Return popup window response with the Broadcast Channel API
/ 5 min read
Introduction
The Broadcast Channel API is a Web API that allows communication between browser windows and tabs on the same origin.
In this blog post I will demonstrate how you can use it to communicate a response from a browser popup window back to the main window which opened the popup.
Background
In Cloudpress, I allow users to connect their Content Management System (CMS), Google Drive, and Notion accounts. Some of these applications uses OAuth 2.0 (or OpenID Connect) for authorization. When a user connects one of these applications, I initiate the OAuth 2.0 Authorization Code flow in a popup window.
Once the user has completed the authorization flow, I need to be able to access the details for the newly connected account inside the browser tab that initiated the flow. To achieve this, I use the Broadcast Channel API to communicate back from the popup window to the originating browser tab.
The following diagram describes this flow better:
- The user uses Cloudpress and wants to export a document from their Google Drive. They do not have a Google Drive connected, so they click the “Connect Account” button.
- The Google OAuth flow is initiated in a popup window and the user authorizes Cloudpress to access their Google account.
- The main application browser tab is notified that the user completed the authorization flow, and refreshes the list of available accounts using
XMLHttpRequest(i.e. an AJAX call).
In the scenario above, I use the Broadcast Channel API to notify the main application browser tab once the authorization flow is complete and the popup window closes.
Why use a popup window?
A quick sidenote about why I chose to open a popup window for the authorization flow, rather than initiate the authorization flow inside the current browser tab:
- Cloudpress is a React application. If I navigate the user away from the current page in Cloudpress to perform the authorization flow in the same window, upon redirect, the entire React application will need to load again.

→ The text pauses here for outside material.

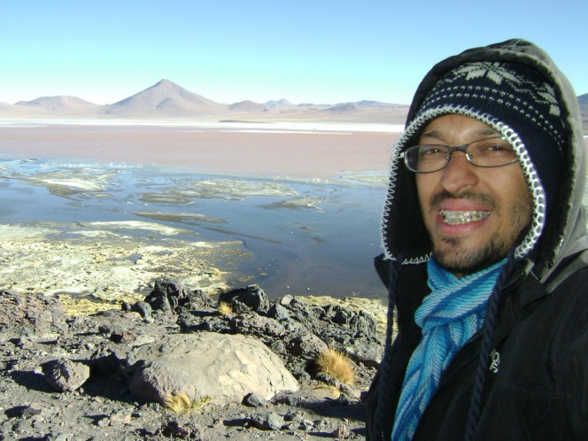 Depois dessa peregrinação por lagunas, seguimos adiante e chegamos ate o monumento natural Arbol de Piedra: como diz o nome, parece uma árvore de pedra, só que esculpida pelo vento. Esse mesmo vento que faz a gente se sentir dentro de uma geladeira, a despeito de estarmos em um deserto. Para fechar o dia cansativo, chegamos ao nosso local de pouso, e também o mais bonito de hoje: Laguna Colorada. Esta laguna se localiza dentro do Parque Nacional Eduardo Avaroa, que por sua vez esta dentro do Desierto de Siloli. A laguna é uma imensa porção de água avermelhada, lotada de flamingos por todos os lados que se olhe, e rodeada de montanhas. Altitude de 4.278 m. Como havia sol ainda, segui até o mirante para ver a laguna do alto. Foi um espetáculo, e valeu bastante a pena de um dia cansativo.

- Cloudpress has many multistep processes for exporting content. If I launch the authorization flow in the same browser tab as Cloudpress, I will interrupt the user’s current flow. Having it open in a popup window is less interrupting.

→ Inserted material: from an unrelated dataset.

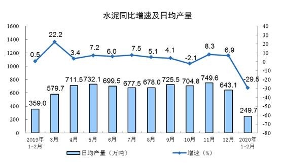根据国家统计局数据显示,2020年1-2月份,全国累计水泥产量1.5亿吨,同比大幅下降29.5%;全国固定资产投资(不含农户)33323亿元,同比下降24.5%;全国房地产开发投资10115亿元,同比下降16.3%。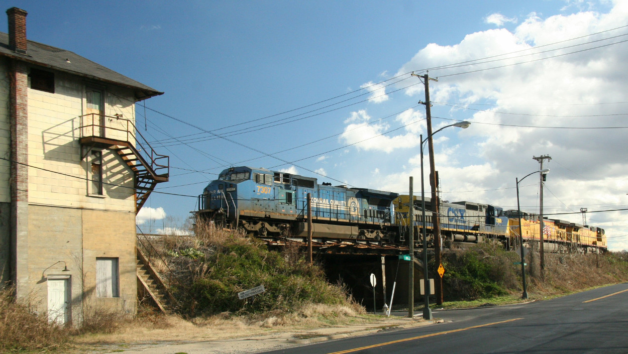 CSXT 7307(ex CR 6067) leads train K888 at R Cabin on the west end of Fulton yard in Richmond, VA back in 2008. Kevin Pratt photo with permission

If you’re curious and want to see this in action, look at our video for connecting your Notion account to Cloudpress to get a better understanding of the flow from the user’s point of view.
Using the Broadcast Channel API
The Broadcast Channel API itself is pretty simple. The first thing you need to do is to create a channel by calling the constructor and passing the name of the channel as the name parameter:
const bc = new BroadcastChannel('add-oauth-connection-channel');The second step is to listen for events by connecting a handler to the onmessage event or using the addEventListener method.
// Register a handler in the window where you want to listen to eventsbc.onmessage = (event) => { console.log(event);};
// Alternatively, you can add an event listener by calling the addEventListener methodbc.addEventListener("message", (event) => { console.log(event);});To broadcast a message to the channel, call the postMessage method. This method takes any kind of Object as a parameter.
// Broadcast an event to all listeners by calling the postMessage methodbc.postMessage("This is a test message.");What this looks like in Cloudpress
In the scenario described previously, where I use this when connecting external accounts via the OAuth 2.0 Authorization Code flow, this looks as follows:
First, in the Cloudpress frontend (a React application), I create a BroadcastChannel instance and hook up the onmessage event which uses the Fetch API to refresh the list of accounts. I also make sure to clean up after myself by calling the close() method to terminate the connection to the underlying channel.
// In the Cloudpress frontend (a React application)useEffect(() => { const bc = new BroadcastChannel('add-oauth-connection-channel'); bc.onmessage = (event) => { // Do a fetch request to update the list of available accounts };
return () => { bc.close(); };});In the Cloudpress backend, an ASP.NET Core application which handles the OAuth 2.0 Authorization Code flow, once the flow is complete, I render the following HTML response.
<!-- In the Cloudpress backend (an ASP.NET Core application) --><script> const bc = new BroadcastChannel('add-oauth-connection-channel'); bc.postMessage("[The message to send to the frontend]");
window.close();</script>This will create a Broadcast channel with the same name as the Cloudpress frontend and broadcasts a message to the frontend. After broadcasting the message, I close the popup by calling the Window.close() method.
What about using window.postMessage?
Another option to do this could be to use the postMessage() method of the Window object. This is what I did for the longest time in Cloudpress, but I suddenly started receiving support requests from users that they were unable to connect their accounts.
Looking into this it seemed that, due to browser security settings, this approach stopped working for many users. So, I had to find a different approach and came across the Broadcast Channel API.
The Broadcast Channel API has worked reliably for me and is arguably a more modern and correct approach. It has been widely available across browsers since March 2022.
If you currently use the Window.postMessage() event, I suggest you look into replacing it with the Broadcast Channel API.
Conclusion
In this blog post, I described how I use the Broadcast Channel API to communicate a response back from a browser popup window to the window which opened it.
This is one use specific use case, but you can use the Broadcast Channel API in a number of different scenarios where you want to communicate between different browser windows or tabs of your application.